As designed, the tool is much more likely to produce false positives for
the presence of semantic changes than false negatives. That is to say,
sdt
might indicate that a certain segment of the diff between versions
is likely to contain a semantic difference in code, but upon human
examination, a developer might decide that no actual behavior will change
(or, of course, she might decide that the change in code behavior is a
desired change).
It is unlikely that sdt
will identify an overall file change, or any
change to a particular segment of a diff as semantically irrelevant where
that change actually does change behavior. However, this tool provides NO
WARRANTY, and it remains up to your human developers and your CI/CD
process to make final decisions on whether to accept code changes.
Installation
If the Go language is installed on your system, you may install sdt
by
cloning this repository, and installing the tool using go install ./...
.
For example:
% git clone https://github.com/atlantistechnology/sdt.git
% cd sdt
% go install ./...
These commands will install both sdt
itself and also the small support tools
jsonformat
, gotree
, and treesit
that may be used to evaluate changed
JSON, Golang, and tree-sitter grammar files, respectively. Additional similar
tools are likely to be added to this repository as new languages are supported.

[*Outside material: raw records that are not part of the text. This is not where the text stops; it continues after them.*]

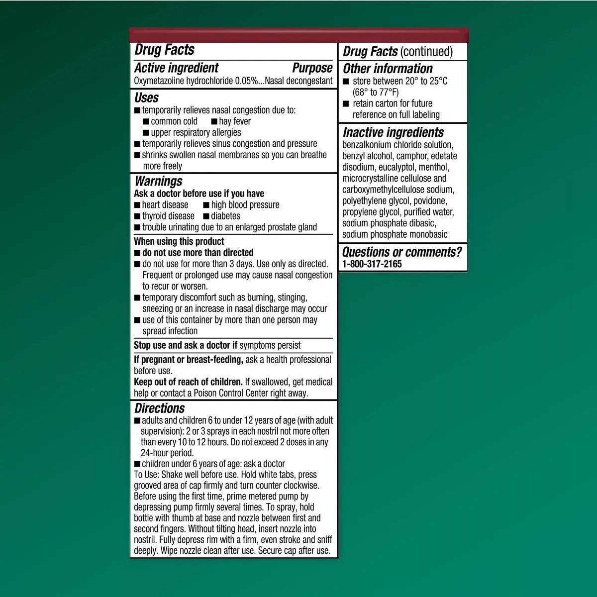 Maximum strength nasal decongestant spray with menthol starts working instantly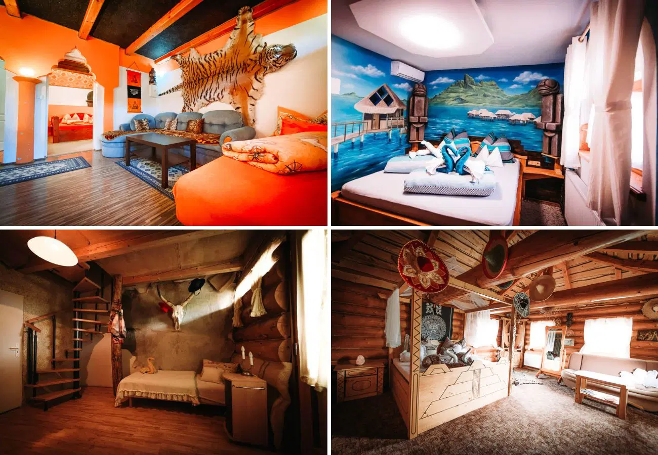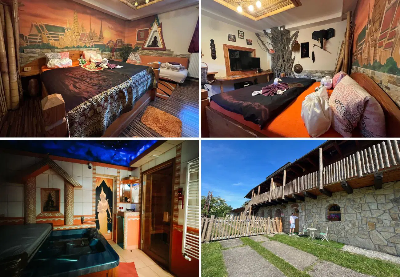 Máte-li rádi neobvyklé ubytování, pak se vám v tomto penzionu bude opravdu líbit. Každý apartmán zde má svůj název podle jiné země a jeho interiér je podle ní také stylizován. V pokoji Egypt tedy čekejte interiér ve tvaru pyramidy, v rodinném pokoji Čína čínskou zeď, v apartmánu Keňa kůže zebry, lvů a antilop a v mezonetu Peru zase malbu Machu Picchu. My se ubytovali v Thajsku, jehož součástí je vířivka a infrasauna. Navíc je v přízemí, takže z pokoje vyjdete přímo ven, kde můžete posedět pod širým nebem a kochat se okolní přírodou.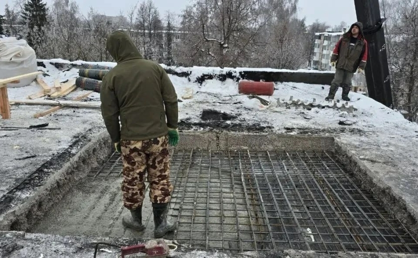 Рабочие уже демонтировали поврежденные части перекрытия кровли, провели обвязку арматуры и залили бетон. Следующий этап — ремонт внутри квартиры.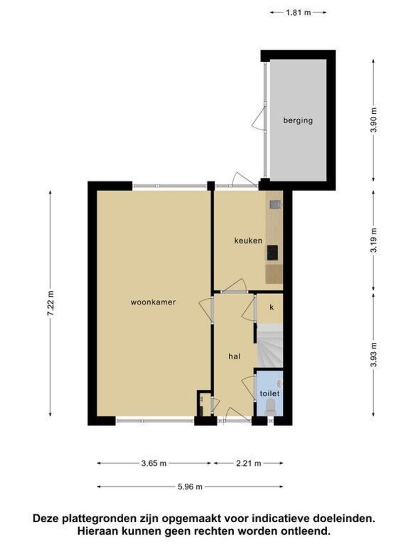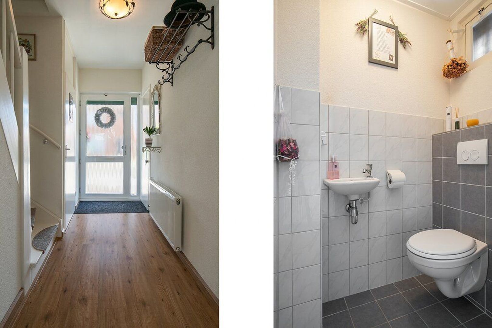 De woning heeft de volgende indeling: entree, hal met meterkast en trapopgang met trapkast. Toiletruimte met wandcloset en fonteinbakje.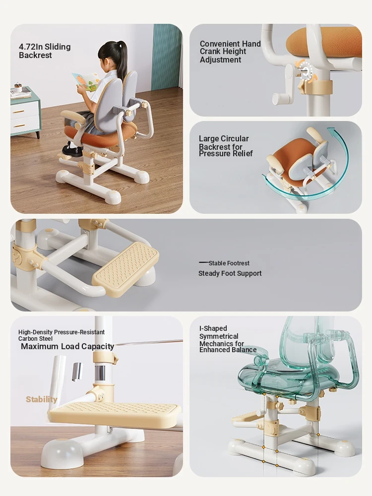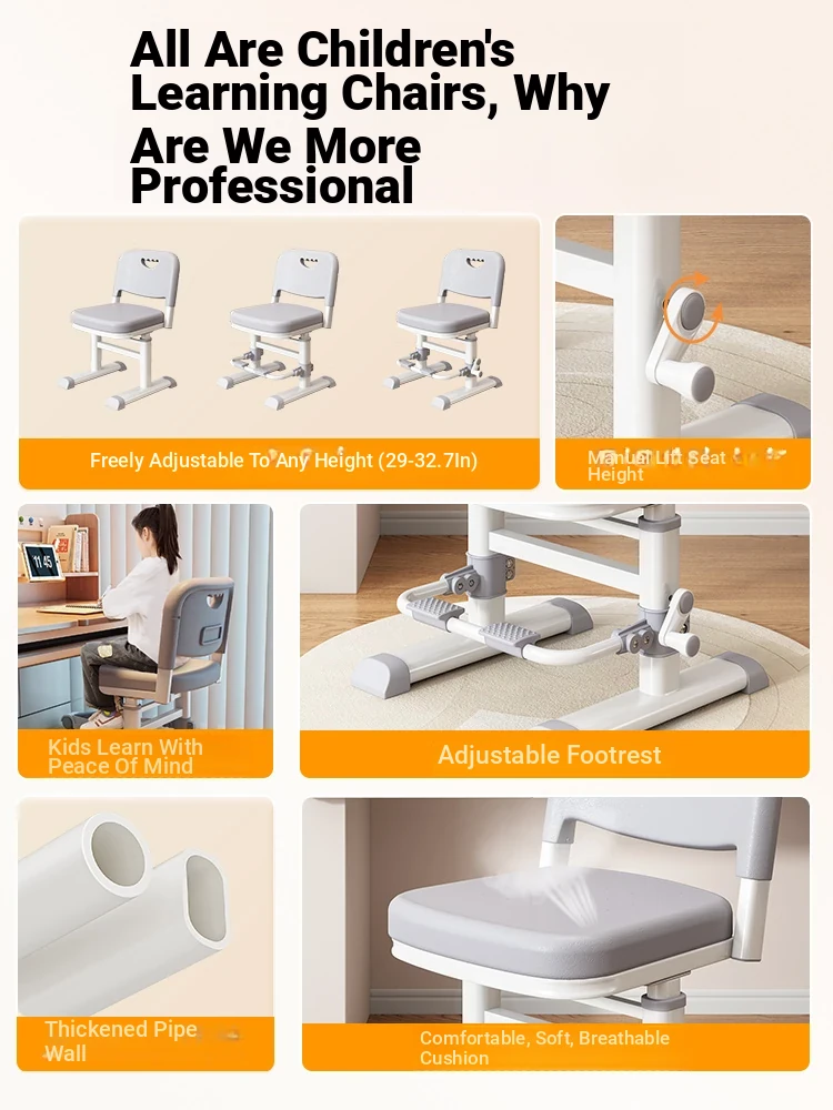 Adjustable Study Chair for Kids - Ergonomic Design for Correct Posture, Perfect for Elementary Students, Ideal Home Writing and Homework Seat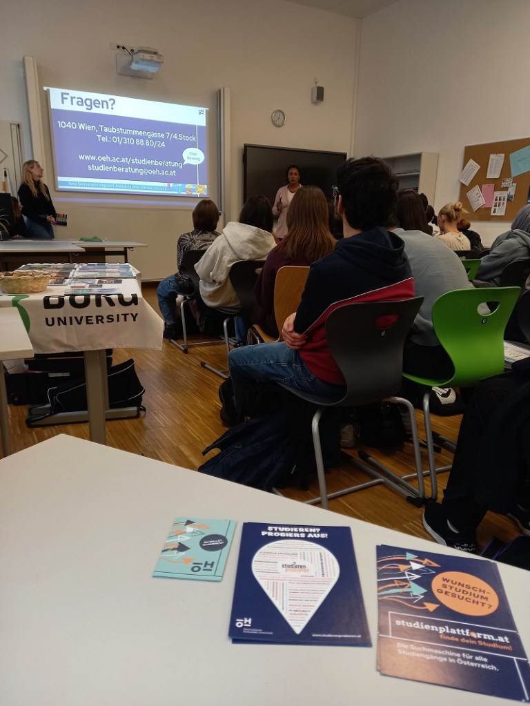 Wie schon im vergangenen Jahr stellte die ÖH die vielfältigen Studienmöglichkeiten vor und informierte über wichtige Schritte rund um Einschreibung und Studienablauf. Darüber hinaus präsentierten die WU, die BOKU sowie die Hochschule Campus Wien ihre jeweiligen Studienangebote und inhaltlichen Schwerpunkte. Zum Abschluss nutzten die Schüler*innen die Gelegenheit, sich an den einzelnen Ständen persönlich auszutauschen, offene Fragen zu klären und zusätzliches Informationsmaterial mitzunehmen. Angesichts der großen Vielfalt an Ausbildungswegen ist es oft eine Herausforderung, die passende Entscheidung zu treffen – umso mehr hoffen wir, dass diese Veranstaltung den Jugendlichen dabei geholfen hat, ihren weiteren Bildungsweg klarer zu sehen.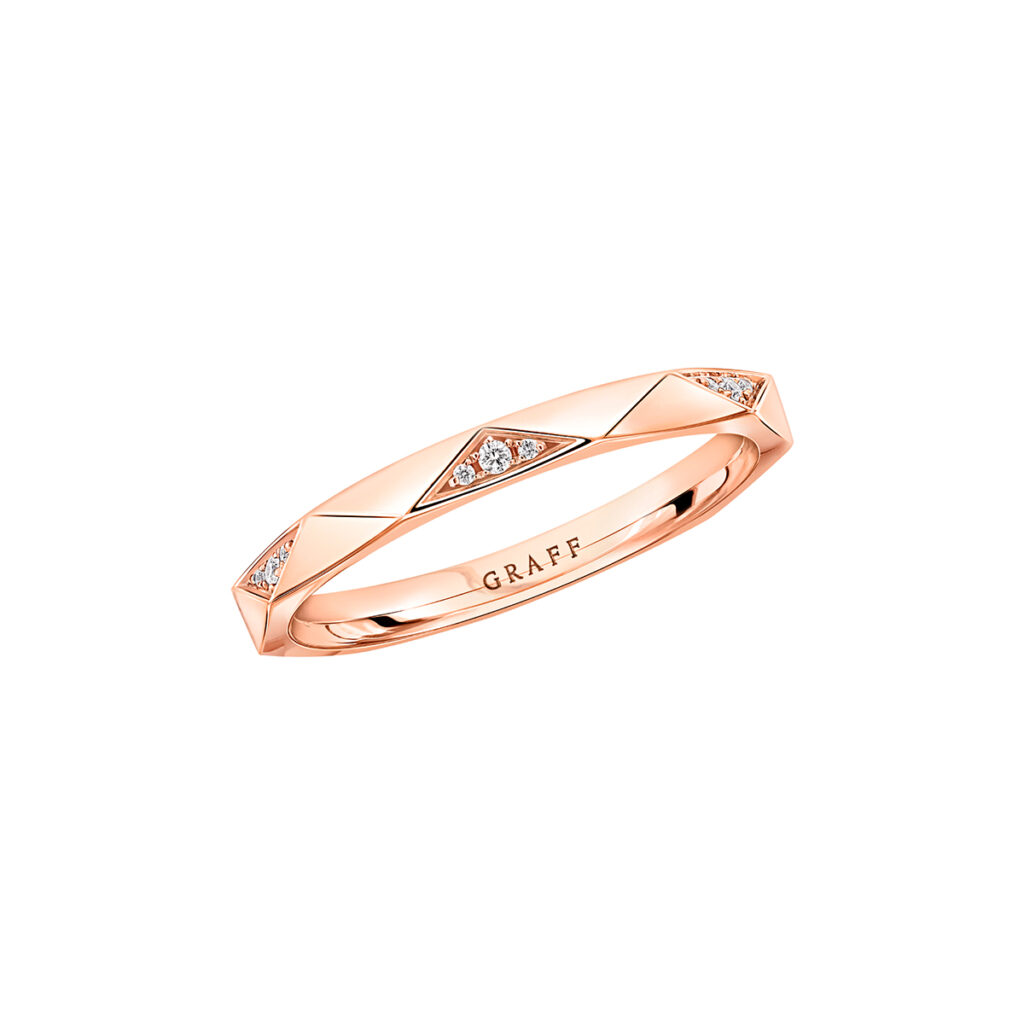ダイヤモンドの立体的なファセットを表現しているデザインだから、重ねづけしてもトゥーマッチにならず洗練された印象に。すべて「ローレンス グラフ シグネチャー」リング〈WG×DIA/右手人差し指〉¥500,000リング〈RG×DIA/右手薬指〉¥414,000リング〈WG×DIA/右手薬指〉¥617,000リング〈YG×WG×DIA/左手人差し指〉¥891,000リング〈WG×DIA センター1.01ct/左手薬指〉¥3,160,000バングル〈YG×DIA〉¥2,375,000バングル〈RG×DIA〉¥1,617,000バングル〈WG〉¥1,359,000ピアス〈WG×DIA〉¥1,922,000(すべてグラフ/グラフダイヤモンズジャパン)

However, you may also simply download pre-built binaries for all available Go cross-compilation targets directly to your system path. For example, on a Linux operating system and an AMD64 architecture, you might download with:
% sudo curl https://sdt.dev/linux/amd64/sdt > /usr/local/bin/sdt
% sudo curl https://sdt.dev/linux/amd64/jsonformat > /usr/local/bin/jsonformat
% sudo curl https://sdt.dev/linux/amd64/gotree > /usr/local/bin/gotree
% sudo curl https://sdt.dev/linux/amd64/treesit > /usr/local/bin/treesit
% sudo chmod a+x /usr/local/bin/sdt \
/usr/local/bin/jsonformat /usr/local/bin/gotree /usr/local/bin/treesit
The extra tool jsonformat
is not needed for users who prefer to use the
much more powerful jq
in their
.sdt.toml
configuration. The tool gotree
produces a somewhat customized
parse tree, so a different tool is unlikely to be compatible with sdt
.
The separate step of setting the "executable bit" is probably not needed,
but does no harm. If you are installing to a PATH that only needs user
permission, the sudo
is not necessary.
Integrations
Subcommand of git
You may wish to use sdt
as a git
subcommand. To do so, you can create
an alias under either locally within <repo>/.git/config
or globally within
$HOME/.gitconfig
, depending on which better suits your workflow.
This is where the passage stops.